Obviously, make sure the path './includes/my-date-polyfill.js' is resolvable from the project root, or pass in an absolute path. When the page is initialized, any scripts you listed there will be injected before any rendering happens.

Extra Dependencies

For rendering, PhantomJS requires the fontconfig library, which may be missing if you're using Ubuntu Server.
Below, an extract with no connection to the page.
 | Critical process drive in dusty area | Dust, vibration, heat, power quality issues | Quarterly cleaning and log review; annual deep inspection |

To install on Ubuntu:

sudo apt-get install libfontconfig

Troubleshooting

Render stream emits "log" event with useful debug details coming from onError (JS error), onConsoleMessage, onResourceError, onResourceTimeout webpage hooks.
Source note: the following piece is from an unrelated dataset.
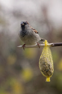 Then came a sparrow, and more specifically a house sparrow. If we are, this is the most common birds in Germany, but I've learned that is only in 5th place! And he is already quite large, so in comparison with the small tits:

var convert = htmlConvert();

convert('http://somewhere.com')
  .on('log', function(log) {
    // {type: 'error', data: {msg: 'ReferenceError: Can\'t find variable: a', trace: [..]}}
  })
  .pipe(res);

Also, some additional debugging output may be enabled by running your app with a DEBUG environment variable set as follows:

DEBUG=phantom-render-stream  node ./your-script.js

If you are getting undefined error codes and responses when attempting to render, it's likely a connection issue of some sort. If the URL uses SSL, adding --ignore-ssl-errors=true to phantomFlags may help. You also try adding --debug=true to the phantomFlags array.

See Also

  • wkhtmltopdf is a Node module that uses wkhtmltopdf to convert HTML to PDF. It is similar in that it uses Webkit and produces output as a stream, and different in that it doesn't use PhantomJS. Also, wkhtmotopdf only supports PDF output.

License

MIT